The Jianbing-9 class of Yaogan satellites, with military designations beginning with "JB-9" provides the Chinese military with optical imaging capabilities, likely as a successor to the Jianbing-6 class, thought it does orbit at a much higher altitude at 1,200 km indicating that satellites of this class are lower-resolution mapping and area surveillance satellites. The optical payload of Yaogan satellites in the Jianbing-9 class was developed by the Changchun Institute of Optics, Fine Mechanics, and Physics. China has launched five individual Yaogan satellites of the Jianbing-9 class with the first launched in December 2009 and the latest in August 2015 from Taiyuan SLC.

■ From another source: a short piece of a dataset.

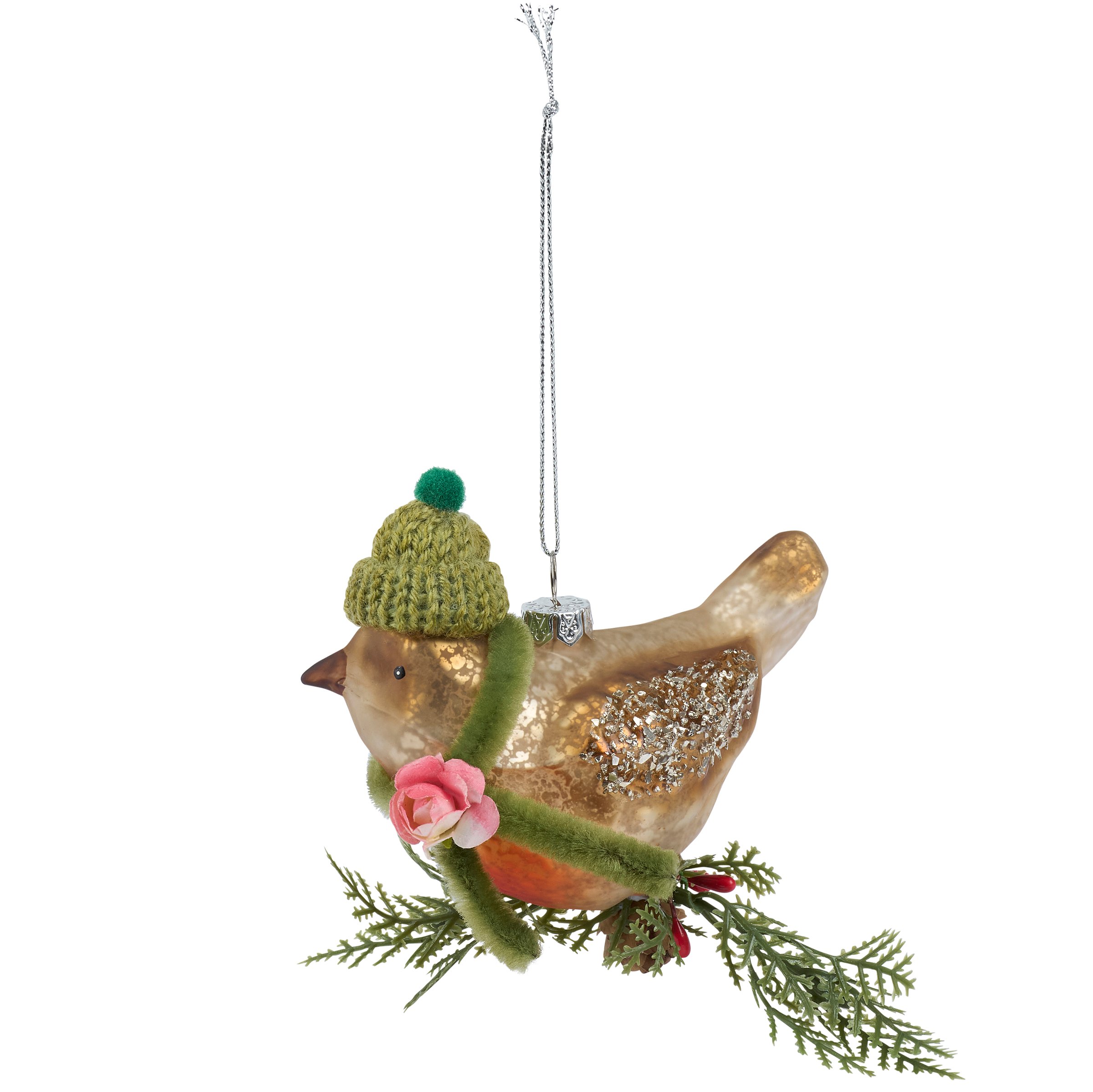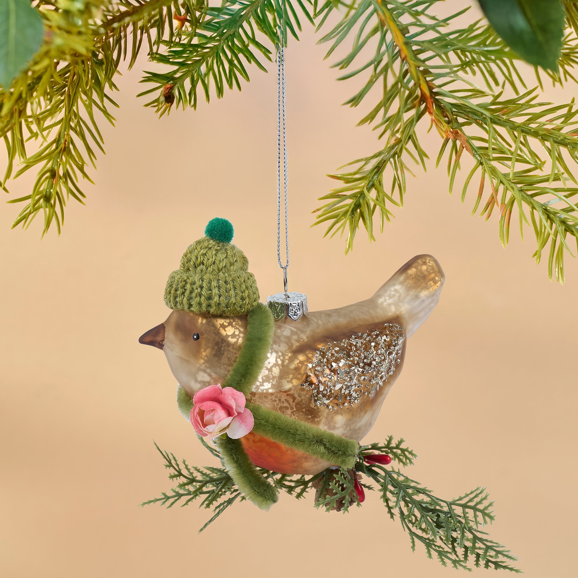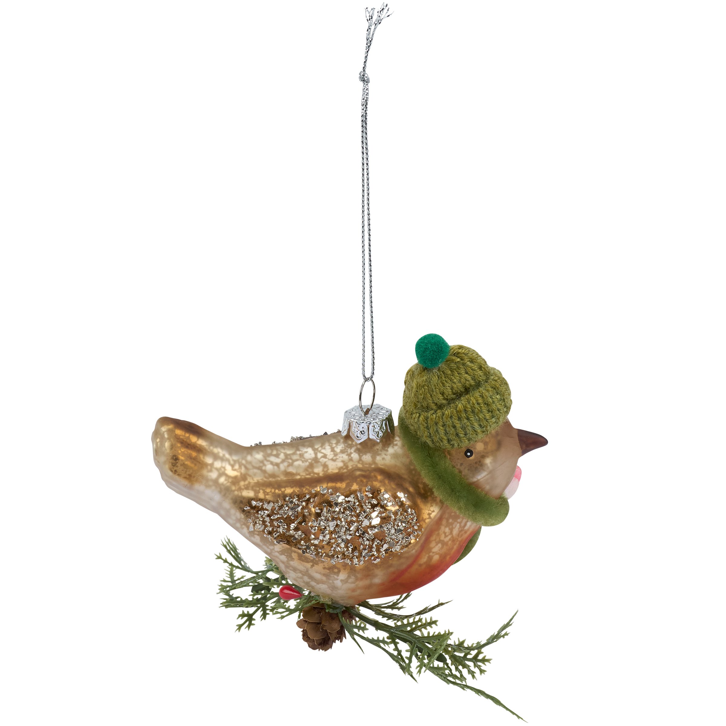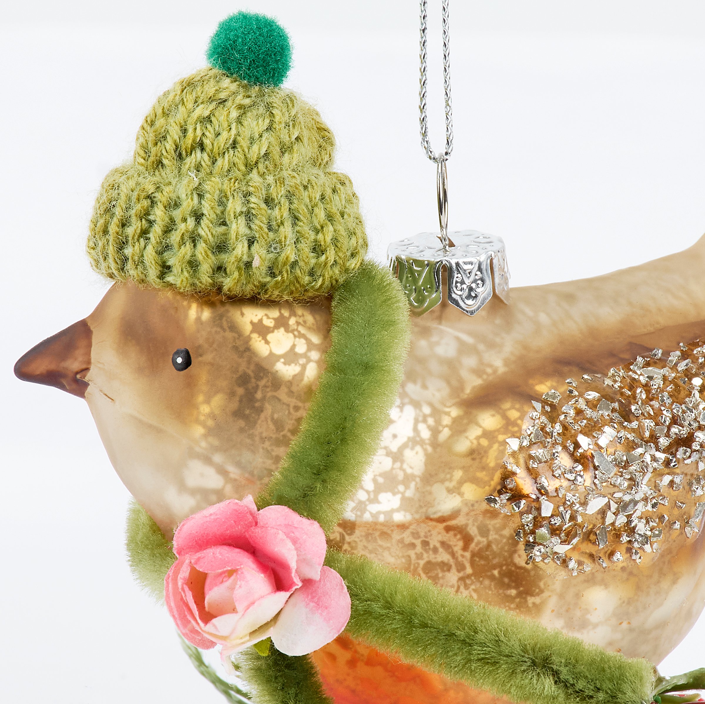 A glass ornament from our Christmas Collection displaying a robin inspired design featuring painted details, glitter accents, and crafted accessories including a knit beanie and pipe cleaner scarf. Our glass Beanie Robin ornament is ready to hang for display via the included top loop and string hanger. A vintage gift perfect for adding personality to a Christmas tree or for everyday nature displays.

The Jianbing-10 class of Yaogan satellites, with military designations beginning with "JB-10" provides the Chinese military with optical imaging capabilities. Believed to also be based on the CAST2000 satellite bus, like those of the Jianbing-6 class, three Jianbing-10-class satellites built by CAST and carrying an optical imaging system from the Xian Institute of Optics and Precision Mechanics have been individually launched with the first launched in December 2008 and the reported last of the class in September 2014 from Taiyuan SLC.

The Jianbing-11 class of Yaogan satellites, with military designations beginning with "JB-11" provides the Chinese military with optical imaging capabilities. As of May 2022, China has launched two individually launched Yaogan satellites of the Jianbing-11 class with the first launched in May 2012 and the latest in November 2015.

The Jianbing-12 class of Yaogan satellites, with military designations beginning with "JB-12", are military optical reconnaissance satellites.

Electronic intelligence 
In response to Taiwanese President Lee Teng-hui's visit to the United States in 1995, the PRC initiated the Third Taiwan Strait Crisis conducting high-profile missile tests, amphibious landing drills, and troop staging in Fujian Province, across the strait from the island of Taiwan. The United States government responded to the PRC's escalation by deploying the largest American show of force since the Vietnam War including sending two American carrier battle groups which effectively forced the PRC to deescalate. Since then, the PLA has committed to design and field advanced anti-ship missile systems including the Dong Feng 21 and has deployed nearly sixty maritime surveillance satellites using electronic intelligence (ELINT) to locate, identify, and track adversarial vessels to support targeting.

The Jianbing-8 class of Yaogan satellites, with military designations beginning with "JB-8", consist of one primary satellite and two sub-satellites launched in triplets. These satellites reportedly perform an ocean or naval surveillance mission similar to those of the United States' Naval Ocean Surveillance System (NOSS or PARCAE) despite the Chinese state-media's insistence they were designed to "conduct electromagnetic environmental monitoring and related technology tests". The triplet groups likely fly in a loose formation to locate radio emitters using the difference in time of arrival of radio signals at the different satellites. Jianbing-8 satellites are based on the CAST2000 satellites bus and have a mass of 200 kilograms (440 pounds) and an orbital period of 107.10 minutes in LEO. As of May 2022, there have been nine launches of Jianbing-8 triplets (twenty-seven total satellites) from Jiuquan SLC with the first triplet launching in March 2010 and the latest in March 2021.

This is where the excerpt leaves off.